**Task brief**
Taking the line with "This handcrafted Christmas" as the first and the line with "4. Шоколад поломайте" as the last, set down the lines below exactly, pictures excluded.

**Source records**

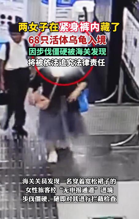 反华势力入侵?我国海关截查两名女子,发现她们裙下藏了68只生物。 10月21日报道,这俩人穿得挺宽松,长裙晃荡着,走起路来腿部总有点别扭,膝盖像是卡壳了似的,每迈一步都得缓一缓,眼神还老往检查台那边瞄。 那心虚劲儿,明眼人一看就不对劲!果不其然,一拦一查直接懵了:俩人贴身穿的黑紧身裤上,用松紧带、透明胶带缠满了小乌龟!一数整整 68 只,一个缠 39 只,一个缠 29 只,这得多遭罪? 俩大姐后来才说,是口岸有人搭茬,说帮着带点 “小玩意儿” 就给两三百港币,压根不知道带的是活龟,这不纯纯被当枪使了嘛! 其实这种事儿真不是头一回,这些带货的基本都是普通人,就图点小钱,根本不知道背后走私团伙多黑 —— 他们专挑这种 “工具人”,因为人体藏东西比行李夹带、邮件伪装难查多了,能躲开货物通道的严格检疫。 这些团伙在国外低成本抓点异宠,找个人带货过来,到国内 “异宠圈” 一卖,单只就能翻好几倍,68 只小乌龟黑市上能卖几十万,稳赚不赔,风险全甩给带货的和咱们的生态! 这些小乌龟看着巴掌大挺萌,其实是外来的侏儒侧颈龟,咱们本土没有,还在风险监测名录里。为啥走私的爱带它?一是小,好藏;二是现在不少人喜欢养 “小众宠物”,觉得显个性,愿意花大价钱买。 可你知道这玩意儿有多坑吗?它们适应力超强,还特能生,一旦跑到自然水域里,就跟本土的中华草龟、黄喉拟水龟抢食,本土龟根本干不过它们,时间长了本土龟可能就没活路了! 更吓人的是,这些外来龟还可能带病菌,要是扩散到水里,咱们玩水、钓鱼的时候,皮肤破了接触到,都可能生病,这可不是闹着玩的! 咱们早有规定,带外来物种入境必须审批,私自带就是违法!这些年我们一直盯着走私的,截了好多异宠,什么大蜥蜴、毒蝎子都有,还升级了智能设备,就为了堵住这些漏洞。 这次 68 只龟被截住,真是太幸运了!现在这些龟已经被隔离检查,俩大姐也交给相关部门处理了。 要是大家身边有人说 “帮我带点东西过海关,给你钱”,千万别答应,指不定带的啥;即便喜欢养宠物,也别买那些来路不明的外来货,不光可能违法,还等于帮走私团伙赚钱。 要是这些外来物种真流到咱们的河里、湖里,以后钓鱼钓不着本土鱼,游泳还得担心病菌,多糟心!海关守住了国门,普通人也得加点小心,别贪小便宜吃大亏,也别为了 “猎奇” 给生态添乱。 只有上上下下都留意着,那些想靠走私异宠搞破坏的,才没机会钻空子! (每天更新,欢迎关注,喜欢文章的可以帮忙点个赞留条评~) 对此大家有什么看法?
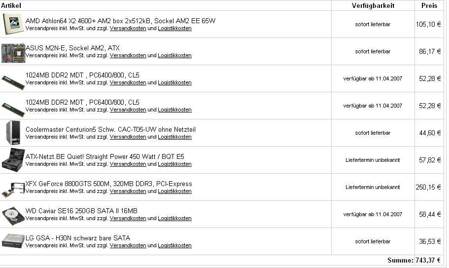 Komplett sähe das dann so aus: da bist mit dem 4600+ noch nen stück unter deinem limit, alternativ wäre dann der 5200+ mit dem du dann inkl Arctic Freezer64 auf 815€ kämst.
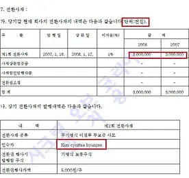 정인용정말주 썸네일형 리스트형 김종훈 처남, 유리와이드 부채상환조건 25억에 매각 - 알고보니 부채 57억은 정씨및 정씨관계사가 채권자[미sec제출 계약서 원문] 김종훈 미래창조과학부 장관 후보자의 처남 정크리스토퍼영씨가 지난 2008년 5월 자신이 대표로 있던 유리와이드를 부채 백73억원등을 인수사가 대신 상환하는 조건으로 현금 25억원에 매각했으나 부채중 최소한 57억원은 정씨 자신과 정씨자신이 대표인 또 다른 회사가 채권자였던 것으로 드러났습니다. 리튬전지 생산회사로 2006년 12월 설립된 유리와이드주식회사는 2008년 5월 20일 미국회사인 셀가드의 자회사 폴리포르인터내셔널에 매각됐으며 매각당시 대표이사는 현 키스톤글로벌 대표이사인 정크리스토퍼영씨였습니다. 폴리포르인터내셔널이 지난 2008년 5월 28일 미국증권거래위원회에 제출한 '유리와이드주식매입계약서'에 따르면 양사는 5월 14일 계약서에 서명한뒤 5월 20일 계약 집행을 끝마친 것으로 돼 있습니다... 더보기 김종훈처도 키스톤글로벌 주요주주 유리웍스에 30억원 빌려줘[김종훈 3] 김종훈 미래과학창조부 장관 후보자 처남이 운영하는 업체의 주가가 연일 폭등하고 있는 가운데 이 회사 주요주주에게 김종훈 후보자의 처가 한때 30억원을 빌려준 것으로 확인됐습니다 김종훈 후보자의 처가 30억원을 회수했는지는 알려지지 않고 있으나 김후보의 처도 처남의 사업에 관계했음을 알 수 있습니다. 현재 키스톤 글로벌의 대표이사인 김종훈 후보자의 처남 정크리스토퍼영씨[58세]는 지난 2006년 12월 유리웍스와 유리와이드등의 설립에 관여하면서 국내에 유리계열사를 6개까지 늘렸었습니다. 2013/02/24 - [분류 전체보기] - 키스톤글로벌, 9년연속적자 홍콩상장업체에 투자추진, 왜!왜!왜! - 지난해 수입 16억,순손실이 무려 550억[홍콩증시 공시원문] 2013/02/24 - [분류 전체보기] - 홍.. 더보기 키스톤글로벌 최대주주 미국회사 부사장이 김종훈 장인 정인용씨[김종훈2] 김종훈 미래과학창조부 장관 후보자 처남이 운영하는 업체의 주가가 연일 폭등하고 있는 가운데 김후보자의 장인 정인용씨가 이 회사 최대주주의 미국회사 부사장으로 재직중인 것으로 확인됐습니다. 2013/02/24 - [분류 전체보기] - 키스톤글로벌, 9년연속적자 홍콩상장업체에 투자추진, 왜!왜!왜! - 지난해 수입 16억,순손실이 무려 550억[홍콩증시 공시원문] 2013/02/24 - [분류 전체보기] - 홍콩에도 김종훈 테마주-키스톤글로벌 폭등하자 만년적자회사 갑자기 대량거래 2013/02/21 - [분류 전체보기] - 키스톤글로벌, 미국광산 연간생산량 20-40배 부풀려 [미연방노동부 생산량 통계] 2013/02/21 - [분류 전체보기] - 키스톤글로벌 최대주주 미국회사, 석탄매입계약 불이행으로 피소.. 더보기 이전 1 다음
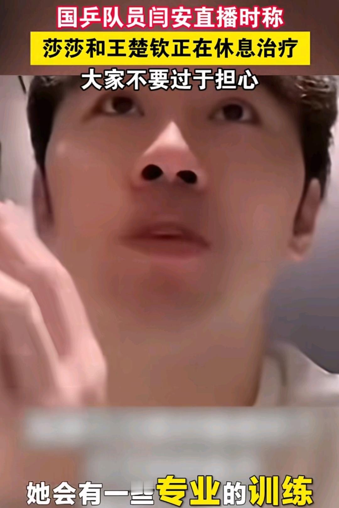 闫安在直播间透露,莎莎休息治疗期间,不同于大家想象的伤筋动骨后的纯躺着休息,莎莎和楚钦会是一边休息治疗,还有一些同步的功能性训练,会有一些专业的辅助训练,来帮助和增强或者说帮助他们更快地恢复。 孙颖莎和王楚钦先后因伤退赛香港总决赛,让无数球迷心疼担心不已,前国乒运动员闫安及时为大家送来莎莎和楚钦的消息,起码可以让球迷心理上有一个舒缓,期待莎莎和楚钦早日康复归来。 闫安让大家不用过于担心,当大家再次看到莎莎和大头出现在比赛场上的时候,他们俩一定是一个全新的精神面貌,,全新的状态,一定都是非常好的状态。
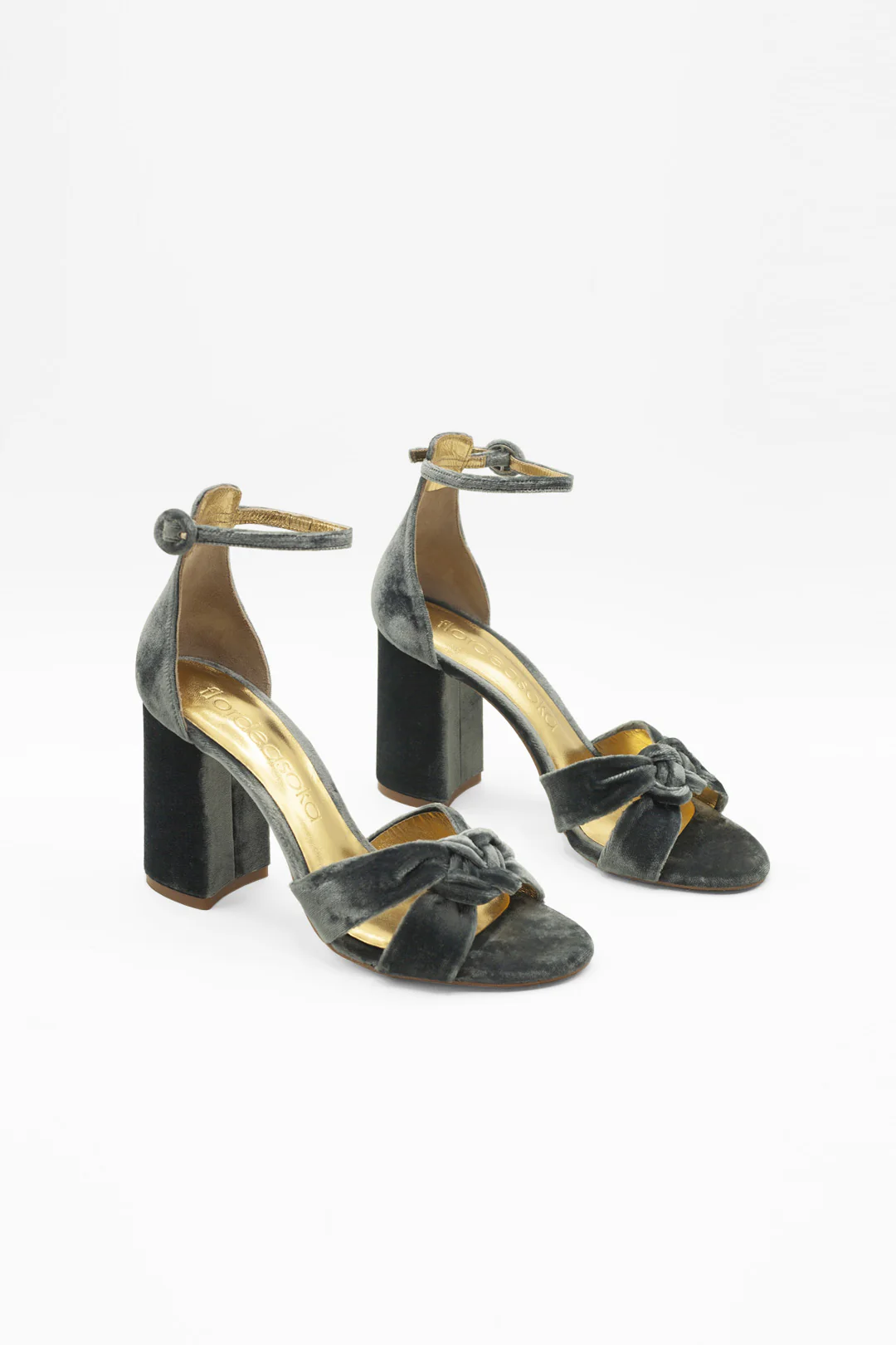 Sandalias de terciopelo en color azul con detalle nudo, un tono de azul vibrante con matices joya que ilumina cualquier look.
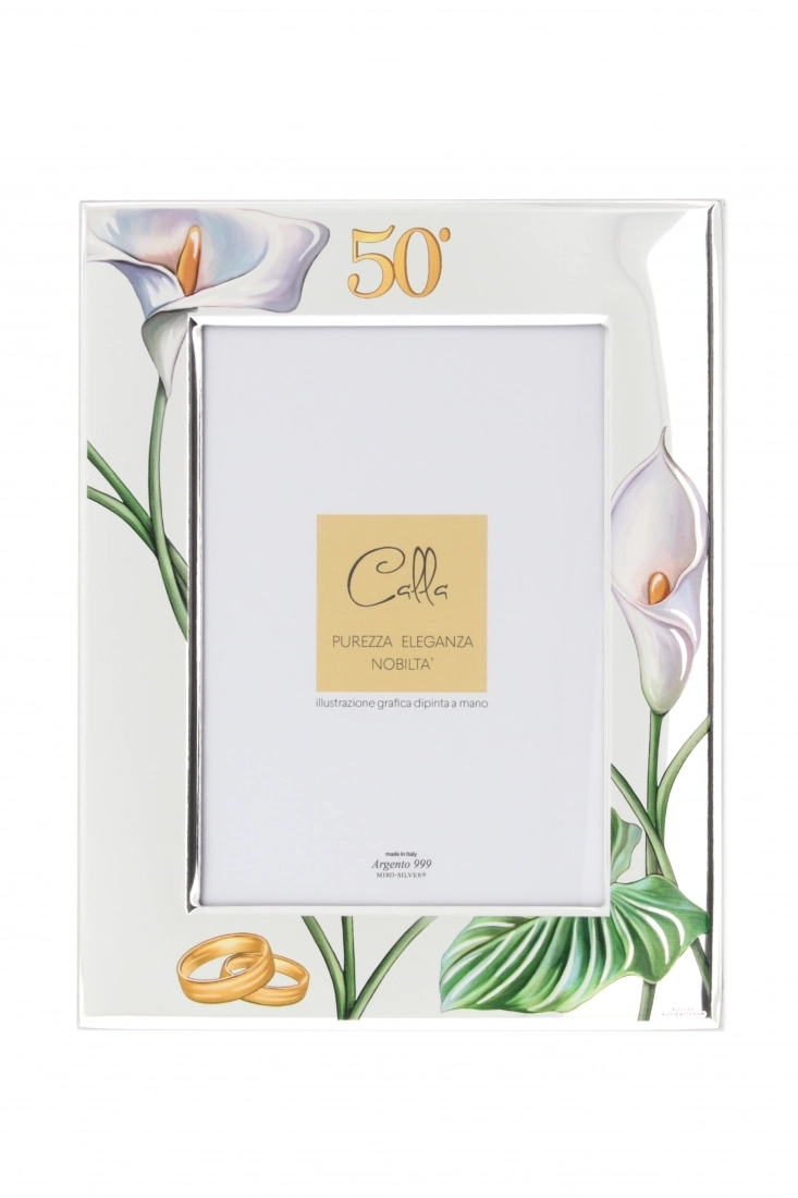 Cornice portafoto in argento con retro in legno bianco. Realizzata in miro silver, nuovo metallo che include uno strato di argento puro 999,95%, conferendo al metallo una grande solidità e resistenza all'ossidazione. Il bordo è decorato con un disegno smaltato che riproduce delle calle, mentre in basso ci sono due fedi dorate intrecciate. Al centro è posto il numero 50° dorato, per cui si rende l' articolo ideale da regalare per celebrare un cinquantesimo anniversario di matrimonio. Il portafoto può ospitare una foto con formato 13x18 cm. I colori sono vivaci e i disegni molto ben definiti. Realizzato in Italia da un'azienda leader nella produzione di quadri e oggettistica da regalo in argento.
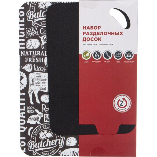 Набор досок разделочных. Форма изделия прямоугольная Особенности посуды - долгий срок службы; не впитывает влагу и запахи; для мяса хлеба сыра овощей. Размеры 34*25*0,2/29*19*0,2см Материал Пластик
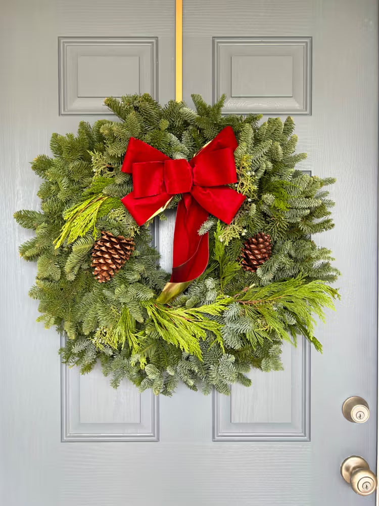 This handcrafted Christmas wreath captures the heart of the holidays with its lush, seasonal greenery and timeless design. Built from high-quality decorative foliage inspired by noble fir, cedar, and juniper, it brings that cozy, traditional Christmas feel to your home. Each wreath is finished with classic pinecone accents* and a soft velveteen bow, creating the warm holiday look everyone loves.
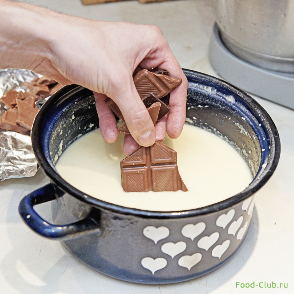4. Шоколад поломайте на небольшие кусочки и добавьте в общую массу. Хорошо перемешайте, чтобы шоколад растопился.
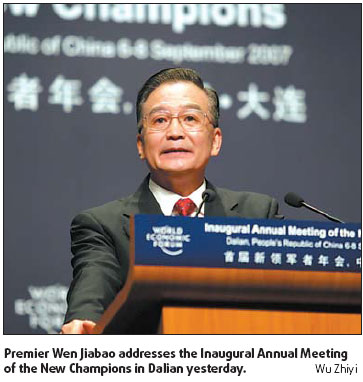 Updated: 2007-09-07 06:21 ![]() Editor's note: Following is the full text of Premier Wen Jiabao's address at the opening session of the Inaugural Annual Meeting of the New Champions of the World Economic Forum's Summer Davos 2007 in Dalian. Dear Professor Klaus Schwab, executive chairman of the World Economic Forum, distinguished guests, ladies and gentlemen, let me start by extending, on behalf of the Chinese government and myself, warm congratulations on the opening of the World Economic Forum Summer Davos 2007 in Dalian and cordial greetings to you. It has been 36 years since the inception of the Forum in 1971. Starting from this year, the Forum will hold an annual Summer Davos in China. This shows the world's increasing interest in China's economic development and the growing cooperation between China and the Forum. The key to the success of the Forum is that political and business leaders, experts and scholars from various countries participate in it with sincere wishes for equality and mutual respect. With a strong sense of responsibility and mission, they are committed to discussing major issues of the world economy, paying greater attention to growth companies, underdeveloped regions and people in poverty, balance, coordination and sustainability of development, and playing an active role in promoting development, progress and harmony of the world. This should be the spirit of the World Economic Forum. The name of this meeting, "The Inaugural Annual Meeting of the New Champions - From Davos to Dalian" and the continued theme of "Shifting Power Equation" are fitting ones and highly relevant as they reflect both the international community's focus on fast-growing companies and regions and its strong desire to establish a new international economic order. Since China's economic development is high on the meeting's agenda, I wish to talk to you about the progress in China's development endeavor. Since it embarked on the path of reform and opening-up nearly 30 years ago, China has seen profound economic and social changes. China has succeeded in transforming itself from a closed and semi-closed planned economy into an open socialist market economy. There has been a great change in the life of the Chinese people, from lack of basic living necessities to moderate prosperity. China has also made important progress in political, cultural and social reforms and remarkable achievements in its modernization drive. From 1978 to 2006, China's GDP registered an annual growth rate of 9.7 percent. During this period, its import and export surged to $1.76 trillion from $20.6 billion, the per capita consumption of its urban and rural population increased by over four times in real terms and the number of poor people dropped to 20 million from 250 million. These achievements were possible because we have embarked on the correct path of development that is suited to China's particular conditions and is in keeping with the trend of the times. On the other hand, I want to tell you frankly that China is still a developing country with a large population, weak economic foundation and underdeveloped productivity. This is a reality that has basically remained unchanged. Although the overall size of China's economy is large, its per capita GDP is ranked behind over 100 countries. Uneven development between urban and rural areas and among different regions is still an acute problem. China, a big country with a population of over 1 billion, has encountered a host of intertwined problems and difficulties in the course of its social transformation. Modernization remains a long-term goal for China. China's economy is on the whole in good shape, marked by sustained and fast growth, sound financial performance, growing trade and rising living standards. But problems such as unstable factors, imbalances and lack of sustainability also affect China's economic development. They include excessively rapid economic growth, acute structural tensions, the inefficient pattern of growth, depletion of resources and environmental degradation, mounting pressure on price and entrenched structural and institutional obstacles. To resolve these problems, we are putting into practice the scientific thinking on development and pursuing an innovation-based model of development. We are committed to a comprehensive, coordinated and sustainable path of development that puts people's interests first. Specifically, we are focusing our efforts on the following areas: Maintain fast yet steady economic growth. Excessive growth of investment in fixed assets, oversupply of credit and loans and sizable trade surplus are major problems in China's current economic development. To resolve these problems, we must give top priority to macro-regulation to prevent an already fast-growing economy from becoming overheated. We will continue to work to strike a balance between promoting economic growth and improving economic structure, between investment and consumption and between domestic and external demand. We will deepen the reform of the financial sector to develop a modern banking system, a comprehensive monetary regulatory mechanism and multi-tiered capital market. We will continue to reform the renminbi exchange rate mechanism to increase its flexibility. We are confident that with enhanced macro regulation, the giant ship of China's economy will continue to surge ahead steadily. Speed up changing the pattern of economic growth. To accelerate economic adjustment and raise the quality and efficiency of economic development is an urgent task facing China. We will follow a new path of industrialization by upgrading and improving industrial structure. We will take enhancing capacity for independent innovation as a key step in changing the pattern of economic growth, strengthen IPR protection and speed up scientific and technological development and improve industrial performance in an all-round manner. The Chinese government takes product quality and

**Solution to this exercise**
 This handcrafted Christmas wreath captures the heart of the holidays with its lush, seasonal greenery and timeless design. Built from high-quality decorative foliage inspired by noble fir, cedar, and juniper, it brings that cozy, traditional Christmas feel to your home. Each wreath is finished with classic pinecone accents* and a soft velveteen bow, creating the warm holiday look everyone loves.
4. Шоколад поломайте на небольшие кусочки и добавьте в общую массу. Хорошо перемешайте, чтобы шоколад растопился.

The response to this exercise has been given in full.